Reflecting the unique nature of the case against Golan, the ruling in Jerusalem’s District Court mentioned not only criminal law but 9th-century Phoenician script, isotopes, Egyptian hieroglyphics, ancient kings of Judaea, and Jesus of Nazareth.
In his decision, the judge was careful to say his acquittal of Golan did not mean the artifacts were necessarily genuine, only that the prosecution had failed to prove beyond a reasonable doubt that Golan had faked them.
The legal saga began in 2004 with Golan’s indictment and with accusations from the government’s Israel Antiquities Authority that he ran a sophisticated forgery ring that had succeeded in planting fakes in museums worldwide. The Antiquities Authority’s director said at the time that the original indictment was “the tip of the iceberg,” and police promised more suspects would be charged.
As Farkash read his ruling Wednesday, it became clear that nearly nothing of the state’s case remained.
The judge took Golan to task for giving different accounts to authorities at different times, saying he “tried to create facts that were convenient for him.” But the judge ruled that the prosecution had failed to prove Golan had faked the ossuary, the tablet, or any of the other artifacts included in the indictment.
He said police had badly bungled a forensic check of the famous ossuary and might have contaminated the Aramaic inscription, making it impossible to reach a clear conclusion about whether the words “brother of Jesus” had been forged as the prosecution alleged.
The trial stretched over more than 100 hearings and 12,000 pages of transcripts. It involved policemen, scientists, archaeologists, a photography expert and one of Golan’s ex-girlfriends, who testified that she remembered seeing the ossuary and its inscription in Golan’s parents’ house when they dated in the 1970s – testimony that, if true, meant the inscription could not be a recent forgery.
At one point there was a lengthy discussion of the amount of local rainfall in Roman times: This was relevant to determining if the chemical makeup of a film of dirt covering the ossuary’s inscription was genuine or forged.
“It is not every day,” the judge wrote in his decision, “that a court hears a case involving as many topics as this one: archaeology, history, Bible, chemistry, geology, linguistics and more. Testimony was heard on subjects never before discussed or ruled on in court.”

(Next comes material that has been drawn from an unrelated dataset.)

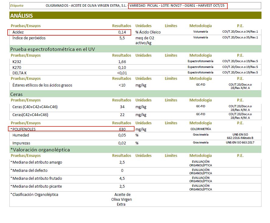De olijfolie van dit jaar heeft een ultralage zuurtegraad (0,14%) en uitzonderlijk hoge polyfenolen (630mg/kg), wat wijst op een uitstekende versheid, gezonde olijven en een rijk gehalte aan antioxidanten.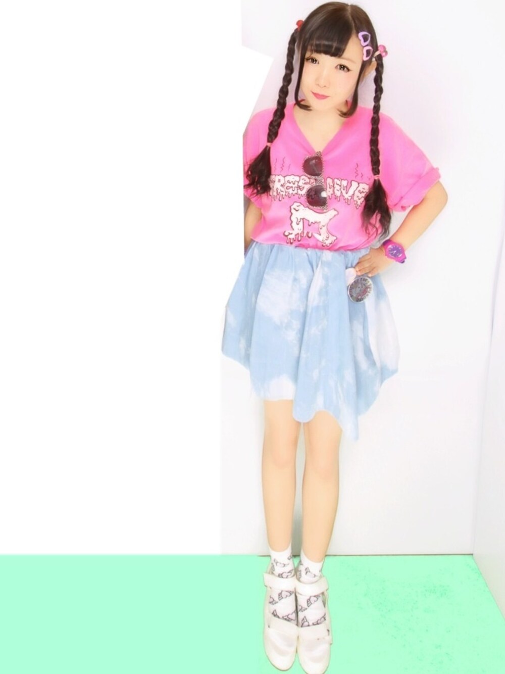 Tシャツ:古着屋 スカート:蔵之助 ソックス:WEGO ヘアピン:WEGO 時計:39マート

His ruling was 475 pages long.
“I am very happy that I was fully and completely acquitted of all of the serious charges against me,” Golan, an elfin man with a shock of dark hair, said outside the courtroom. He described himself as an honest collector persecuted by the government and described the case against him as a “balloon” created by the Israel Antiquities Authority. “This balloon just popped,” he said.
The Antiquities Authority said in a statement that it “respected” the ruling.
“The Antiquities Authority will continue to fight those who steal or forge antiquities in order to ensure that the historical truth of the three religions is preserved for future generations,” the statement said.